Imported fuel not connected to road conditions


I am writing in response to an article titled, “Authority to earn revenue” (The National, Nov 15).
The first sentence read, “The National Roads Authority will now earn revenue from the 4t of the imported diesel exercise component to assist in its operations as gazette by the government, according to reports”.
It further stated that NRA is currently charging 4t on local diesel exercise component which with inclusion of four toea on imported diesel exercise component will increase to eight toea in total.
Furthermore, there is no logic in charging 8t on local and imported diesel exercise component with respect to NRA’s operations in maintaining the national roads in PNG.
The “wear and tear” of national roads has nothing to do with local and imported diesel exercise component.

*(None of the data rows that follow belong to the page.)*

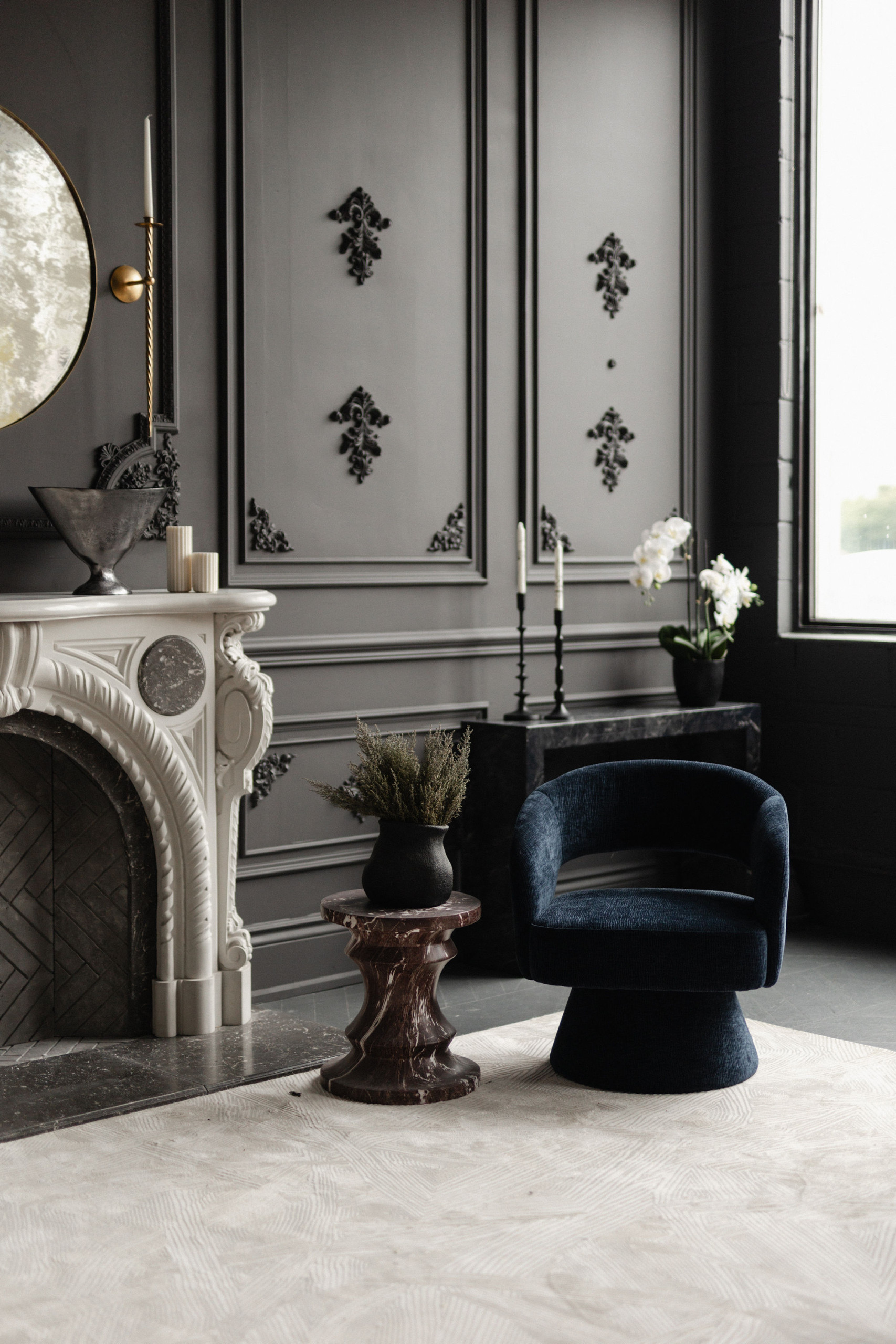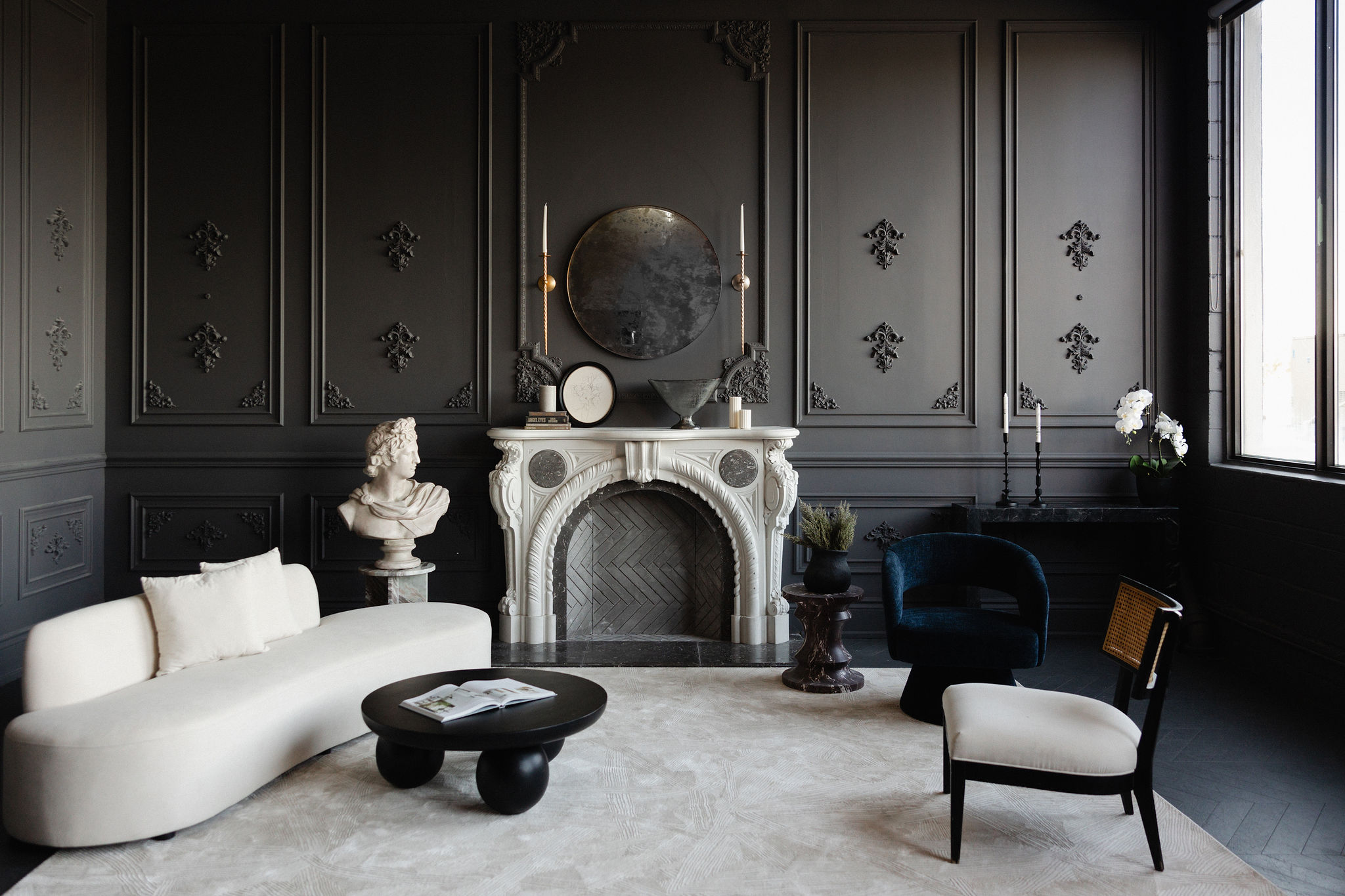 Dramatic 600 sq. ft. Studio room featuring sophisticated matte grey walls adorned with wainscoting and decorative moldings. This space is designed with a grande fireplace, a seating area, and a branding corner showcasing a styled bookshelf.
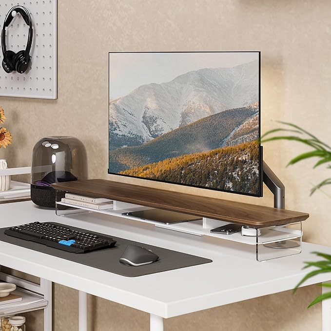 Fenge Acrylic Monitor Stand Riser, 42.5 Inches Dual Monitor Stand with Metal Storage, 2 Tier Acrylic Computer Riser for Desk, Clear Laptop Stand for PC, Laptop, Printer, TV, Brown
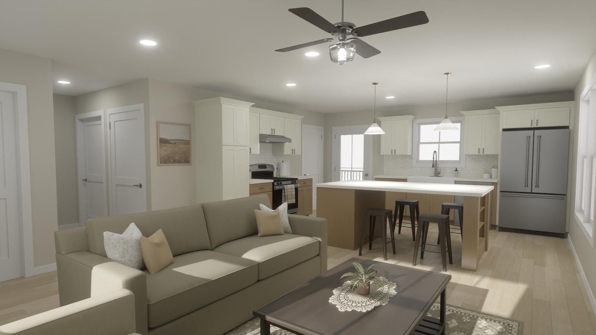 The Moonstone Floor Plan combines efficient design with future-ready flexibility to support your homeownership journey. With 1 bedroom, 1.5 bathrooms, and 990 square feet of thoughtfully planned living space, this home is ideal as a starter home, downsizing option, or right-sized custom build with room to grow.
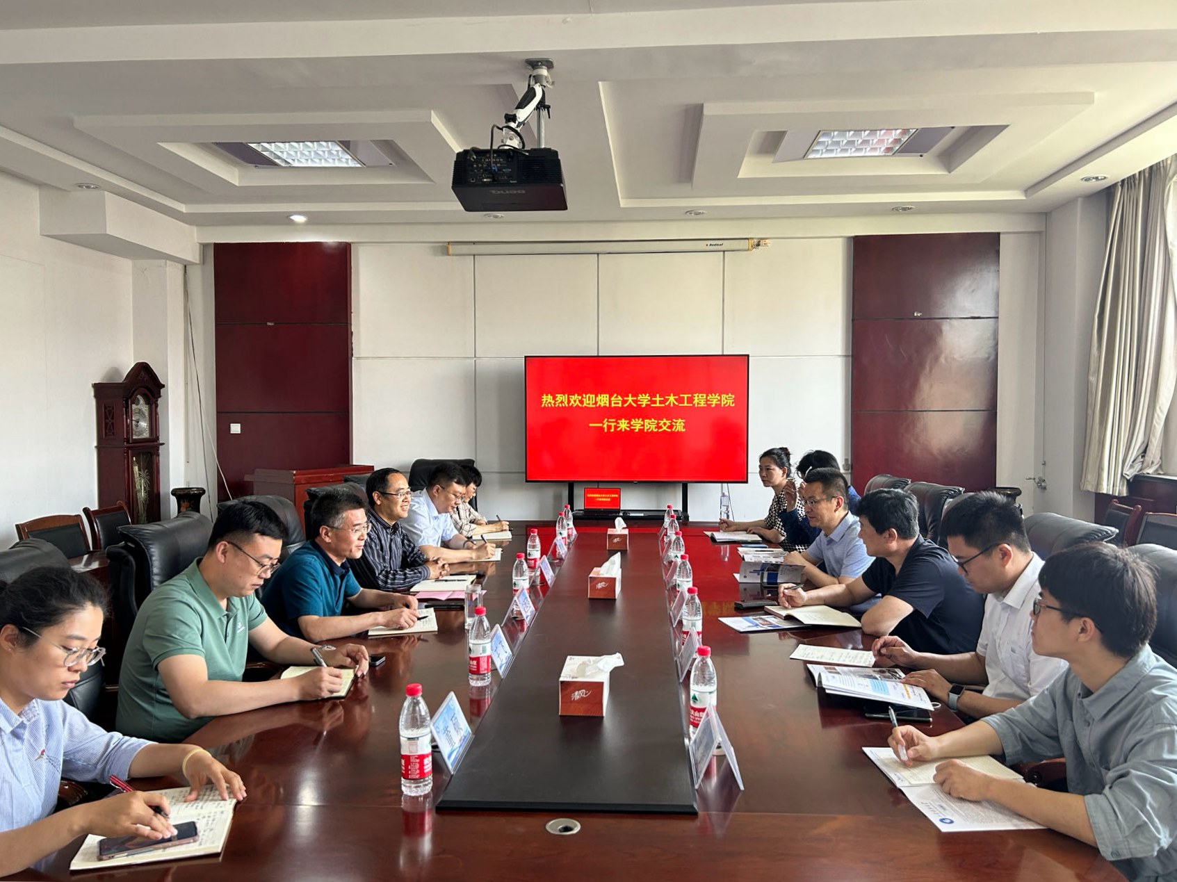 近日,烟台大学土木工程学院党总支书记曲峰、副院长吉植强、土木工程系主任刘人杰、岩土教研室主任王丹丹、温攀老师、张亮老师一行到访土建学院调研交流。土建学院党委书记宋西路、院长王崇革、副院长李朋、建筑工程系主任王飞及部分系所老师参加座谈会。座谈会由宋西路主持。
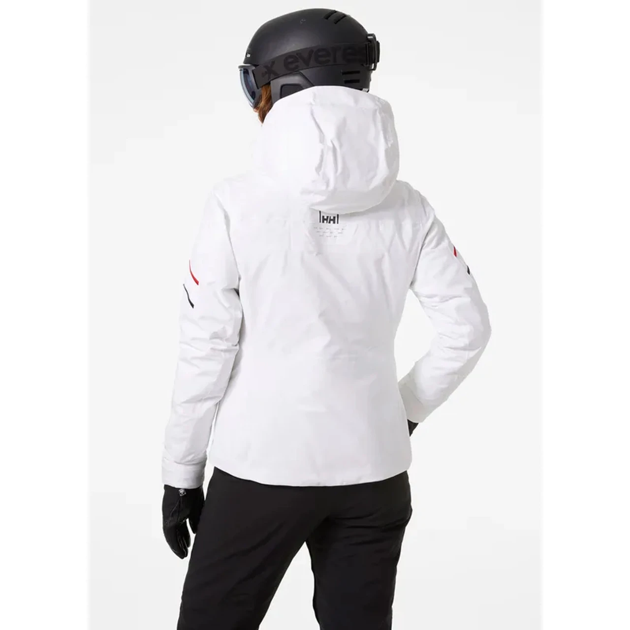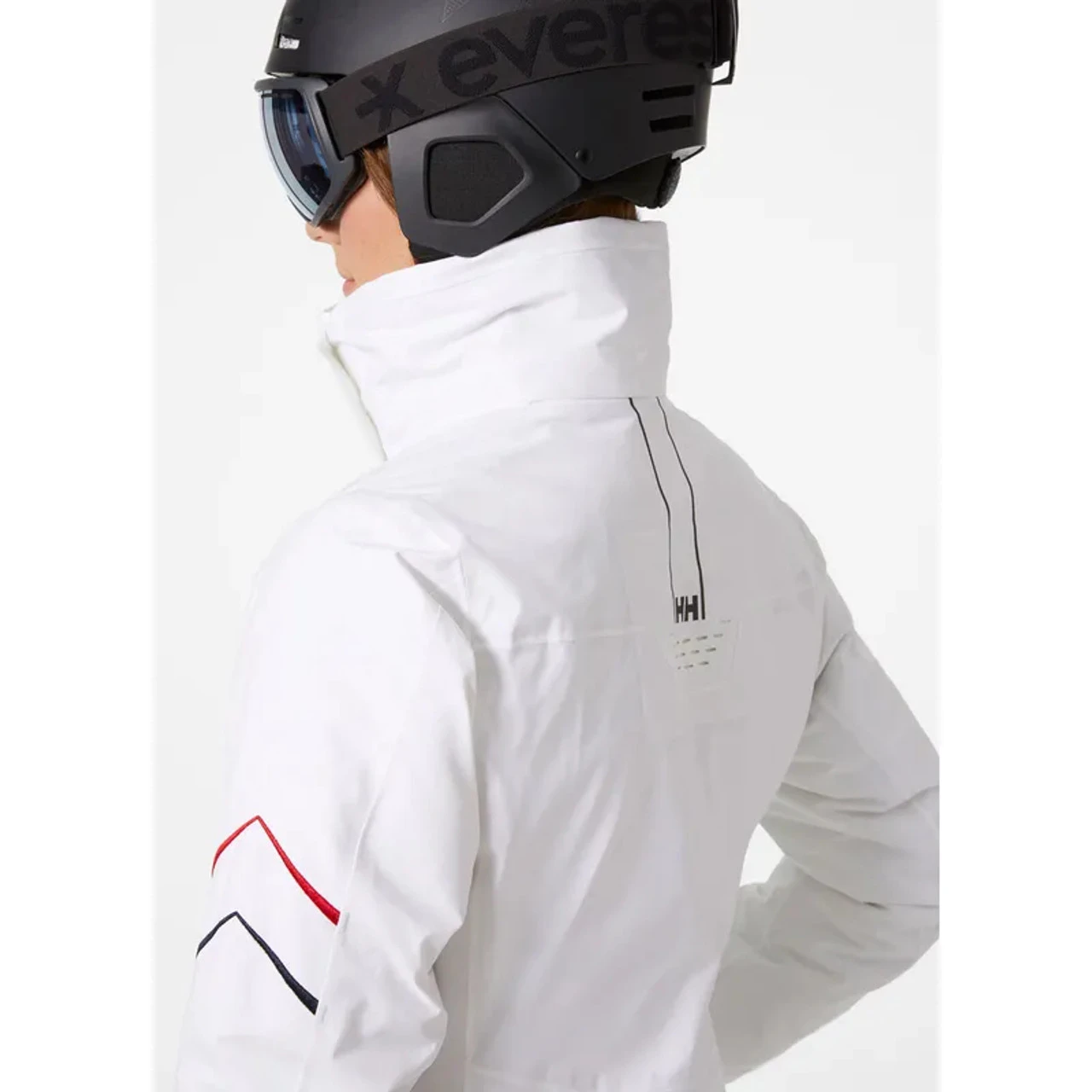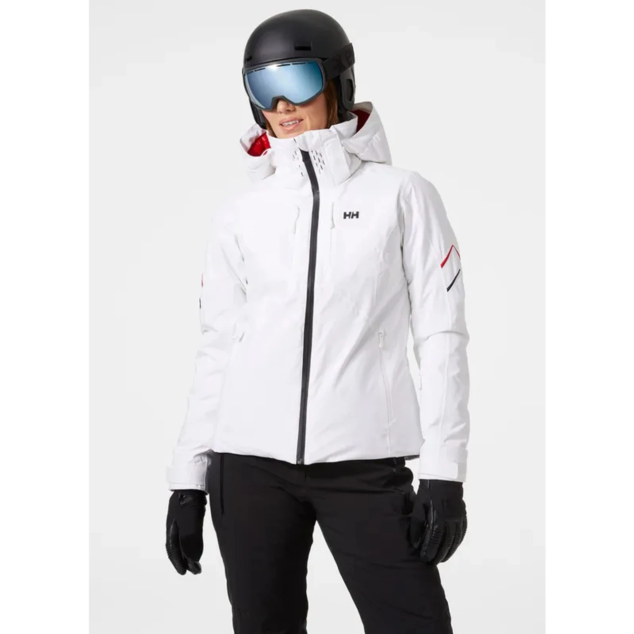 A highly technical, waterproof/breathable women’s ski jacket for a bluebird day on the slopes.
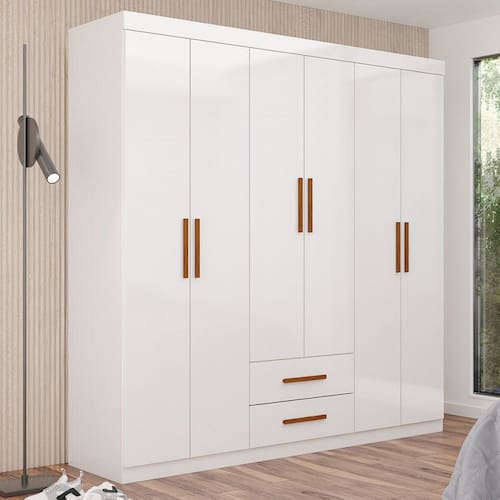 O(a) Guarda-Roupa Solteiro Aurora 6 Portas 2 Gavetas Branco - Carioca Móveis é produzido em MDP na escala de brilho Fosco e Semi-Brilho, e possui um grau de dificuldade de montagem: Médio.
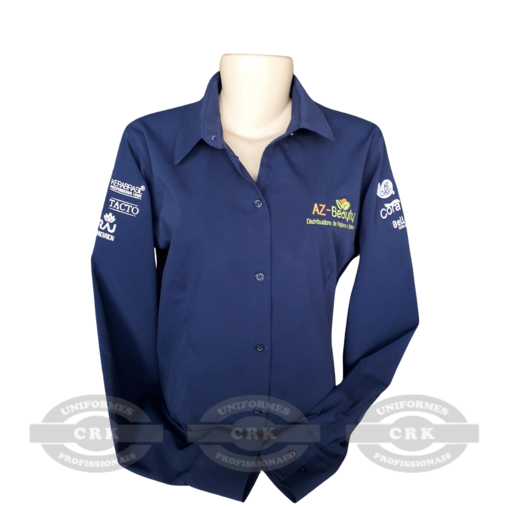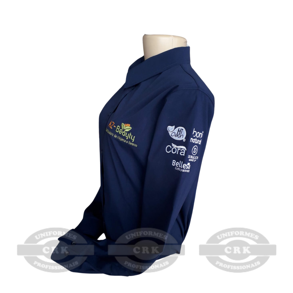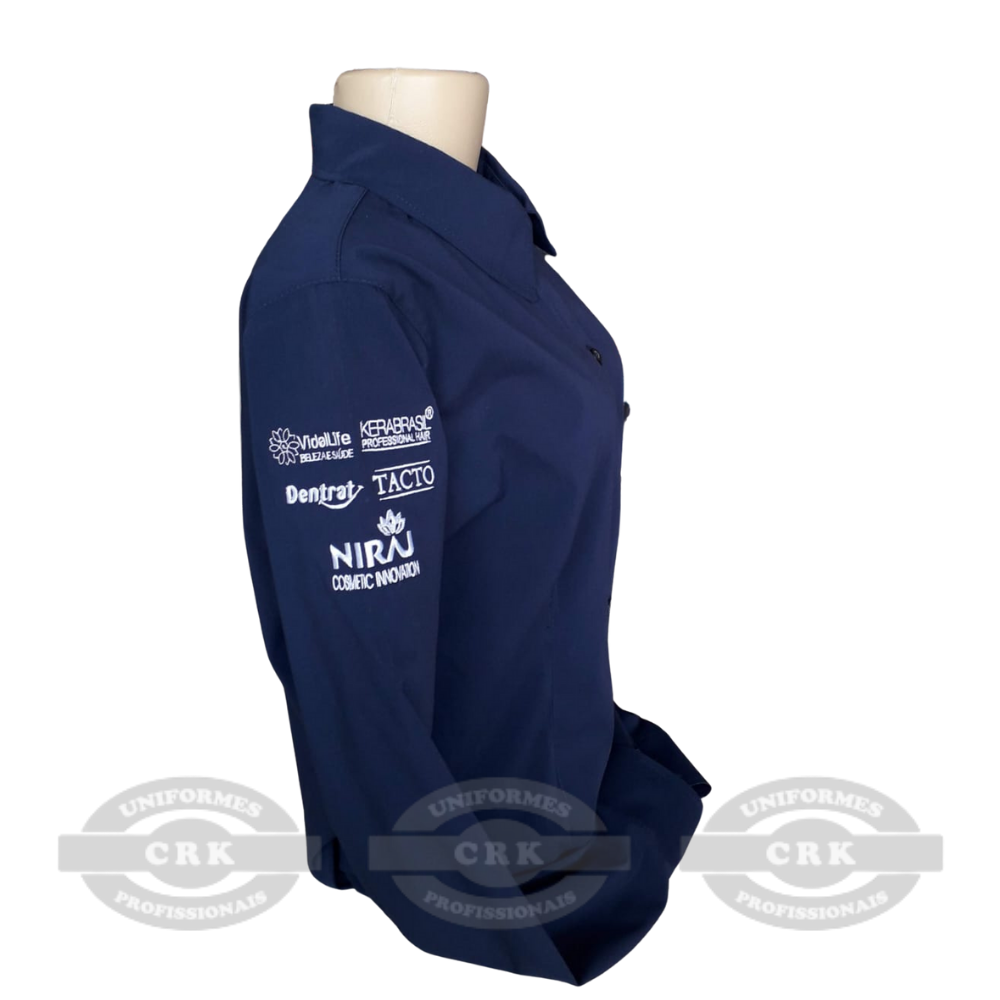 Essa camisa social azul marinho é uma excelente escolha para quem busca um uniforme corporativo elegante, com múltiplas personalizações. Os bordados distribuídos entre peito e mangas destacam os parceiros, projetos e identidade da equipe, sem abrir mão de conforto e sofisticação. Uma peça que transmite profissionalismo e padronização com alto impacto visual.
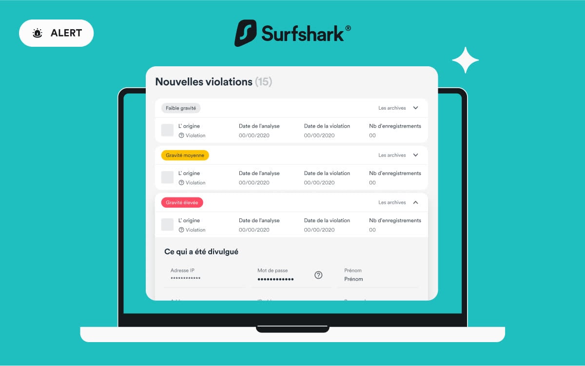 Comme évoqué plus haut, nous ne sommes pas responsables des failles d’Internet. Un serveur compromis sur lequel vous étiez inscrit, et vous pouvez rapidement être en danger. Alert est là pour vous aider à prendre les devants. Si l’une de vos données sensibles circule sur le net, vous êtes immédiatement averti. Mieux : Surfshark fait tourner son armée de bots pour vous retirer des fichiers des brokers qui exploitent ces fuites.
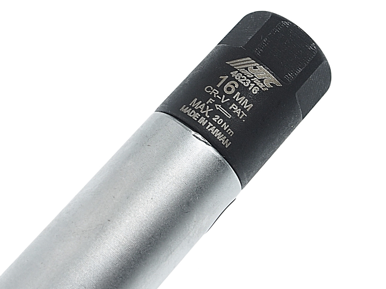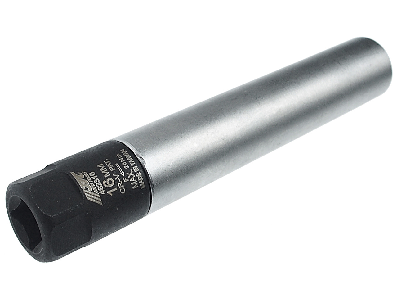 • Используется с ключом 3/8". Применяется для затяжки с точно заданным усилием во время установки свечей зажигания. 3/8" x 16 мм: диаметр 20,8/20 Н·м; длина 130 мм. Выполнена из хром-ванадиевой стали.
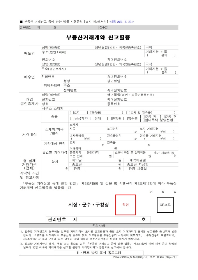 9,000원/월부동산거래계약 신고필증(부동산 거래신고 등에 관한 법률 시행규칙)[별지 제2호서식] 서식입니다. 「부동산 거래신고 등에 관한 법률」 제3조제5항 및 같은 법 시행규칙 제2조제13항에 따라 부동산거래계약 신고필증을 발급할 때 사용할 수 있는 서식입니다. [2023. 8. 22 개정]
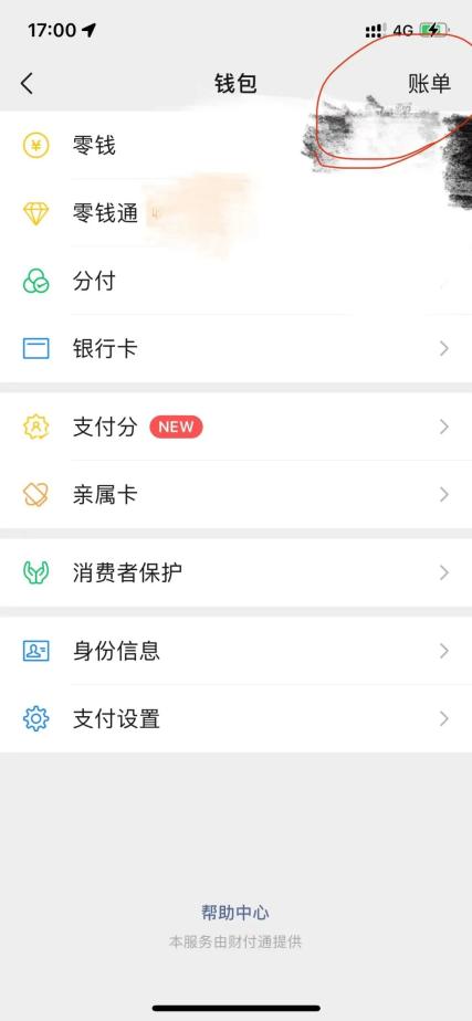 第三步在钱包功能主界面,选择顶部的“账单”功能。
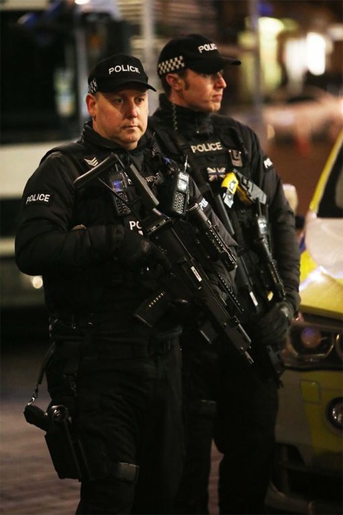 Trước nguy cơ khủng bố, thời khắc đón năm mới 2017, an ninh được thắt chặt tại nhiều quốc gia. Ảnh: Cảnh sát Anh tuần tra tại London.
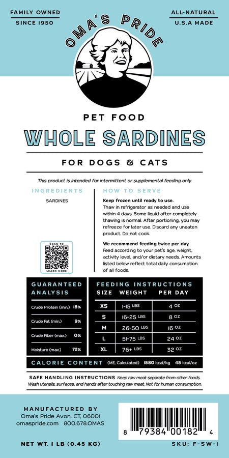 Oma's Pride Dog & Cat Whole Sardine (1lb)

This is caused by usage of the national roads by vehicles, among other factors.
This charge should be charged on registration of cars that are using the road. There is no logic in all this gazetted rates.
One would argue that diesel is an important source of energy which make more than 30 per cent of PNG Power electricity generation.
This four toea charge on imported diesel by Puma Energy or Mobil may pass on to PNG Power costs. This cost will then pass on to electricity customers.
The 4t charge is irrelevant and only adds to costs by other industries and its customers. NRA should be smart and not just creating a joke for the government to approve.
The best suggestion is to have the fee as a variable in the calculation of registration of vehicles annually in PNG.
This is because vehicles are one of the factors that contribute to ‘wear and tear’ on our roads, among other factors.